As investors move into the month of March, the investing landscape is a changing environment where tech optimism that dominated the first 10 months of 2025 is clashing with doubt and radical sector rotation due to more than just AI disruption. While many analysts remain bullish on the AI Supercycle, several significant headwinds are creating volatility.
At the top of the list is the pessimism that the AI trade has reached a crescendo of sorts. Skeptics argue that peak capex spending is here and now. After years of massive investment in artificial intelligence, investors are shifting from excitement to scrutiny. We live in very impatient times.
I believe the hyperscalers will definitely monetize their huge capital commitments, but that doesn’t satisfy a market where the once “can’t go wrong” software sector is blowing as literally hundreds of thousands of seats in Software-as-a-Service companies disappear. Jack Dorsey of XLY Corp. (XLY), formerly Block Inc., is firing 40% of the workforce.
But let’s put this into perspective. When Elon Musk bought Twitter, he effectively fired 85% of the workforce within a year and is getting more production from the current staff at X than when it was Twitter. Maybe Jack is a poor manager of human capital, and his excuse to fire half his company due to AI progression to save face is just a way out of poor corporate management structure.
It doesn’t stop there though. Markets are becoming skeptical of companies that haven’t shown a discernment of separating out those companies that are demonstrating amazing gains from AI deployment from their AI investments. Case in point, structural engineering software leader Autodesk Inc. (ADSK) that posted phenomenal Q4 sales, earnings and guidance attributes their accelerating growth trends to AI. And the stock was rewarded (I own ADSK).
I believe the market is at a point where “sell first, ask questions later” selling in the AI trade, aside from memory and data center pluming, is at hand. This is a moment of opportunity to perform some considerable due diligence to look at companies that will deliver accelerating revenue and earnings because of their intelligent AI investments.
What was formerly crowded trade in tech names toward cyclical sectors like energy, materials and industrials seems to have run its course.
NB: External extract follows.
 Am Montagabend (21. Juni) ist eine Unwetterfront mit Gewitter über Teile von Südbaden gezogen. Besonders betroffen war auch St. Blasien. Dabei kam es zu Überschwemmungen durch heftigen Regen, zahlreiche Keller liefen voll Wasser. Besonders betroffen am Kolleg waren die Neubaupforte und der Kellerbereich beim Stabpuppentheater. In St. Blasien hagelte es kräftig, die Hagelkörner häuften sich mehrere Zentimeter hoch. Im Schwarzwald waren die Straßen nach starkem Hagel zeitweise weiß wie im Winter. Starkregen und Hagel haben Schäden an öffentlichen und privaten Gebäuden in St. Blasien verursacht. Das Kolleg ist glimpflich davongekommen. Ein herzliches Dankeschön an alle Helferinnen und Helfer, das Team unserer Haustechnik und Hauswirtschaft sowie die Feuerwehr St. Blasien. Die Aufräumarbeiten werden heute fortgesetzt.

There is a high likelihood that more damage is ahead for sectors where headcount reduction risk is high — regional banks, insurance, online travel, accounting, legal services, entry-level coding, IT support customer service centers, clerical work, logistics and procurement.
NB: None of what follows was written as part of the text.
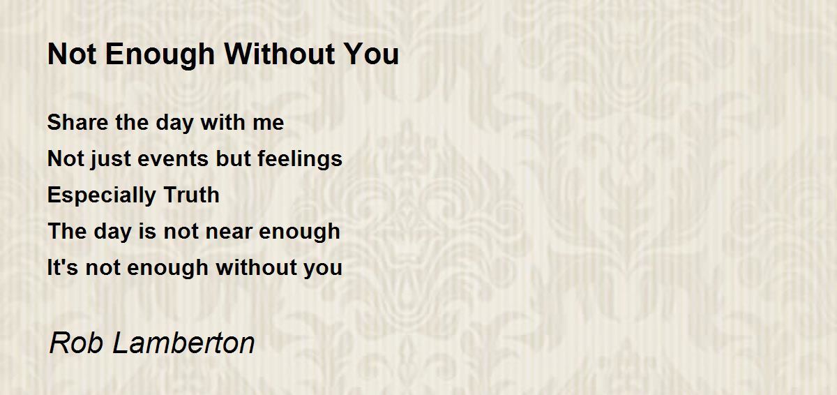 Share the day with me Not just events but feelings Especially Truth The day is not near enough It's not enough without you

Moving on, the market has to contend with Trump’s ever-changing trade policy that remains a dominant and unpredictable macro theme for 2026. Ongoing uncertainty regarding tariffs (specifically related to the International Emergency Economic Powers Act or IEEPA) is infusing fresh uncertainty about future multinational earnings. It is thought that increased costs for companies will be passed to consumers, which could dampen spending and drag on real GDP growth.
And then there is the question of inflation. While the worst of the post-pandemic inflation is over, reaching the final 2% target has proven difficult. Headline PCE is hovering closer to 3%, kept high by service costs and labor supply pressure. This sticky inflation is capping the number of Federal Reserve rate cuts. Instead of a rapid decline, central banks are transitioning to wait and see posture.
Historically, midterm years are a source of market turbulence, and this year could be a real nail biter. As the U.S. Congress approaches the November 2026 elections, debates over housing affordability, electricity costs and health care are expected to spike. Policy uncertainty typically leads to risk-off sentiment in the months leading up to the vote.
Lastly, there are signs of rising corporate default rates, what some analysts call fresh cockroaches in the credit system that are beginning to surface in riskier bond investments and regional banks. Strategists pointed to rapid, severe AI disruption. Private credit funds have massive exposure to the software sector (up to 40% of some portfolios), and analysts now fear many of these companies’ business models are being rendered obsolete by autonomous AI agents.

Source: www.ubs.com
A massive crash in public software stocks (the IGV ETF fell 23% year to date) has trickled down into private debt. Over $17 billion in tech company loans dropped to distressed trading levels in just four weeks. Golub Capital, which has 26% of its portfolio in software, cut its dividend by 15%, signaling that the party for private credit investors may be ending.
Against this highly fluid backdrop, there are plenty of sectors and stocks that are working. With the 10-year Treasury yield dropping to 3.86%, the bond market discounted the hot PCE number and is signaling some labor market pressure going forward. At least, that’s my take. That, and the flight to quality from the $3+ trillion private credit bubble that has the potential to let out more air.

On the flip side, the amazing advances in productivity that AI will bring to workers that know how to embrace the agentic tools, the trillion-dollar space race, the bull market in commodities, the reshoring and onshoring of American business and the quelling of U.S. enemies in Venezuela, Iran, Mexican cartels and high urban crime, with Q2 S&P profits set to grow by 14.9%, should give investors incentive to buy when fear is high.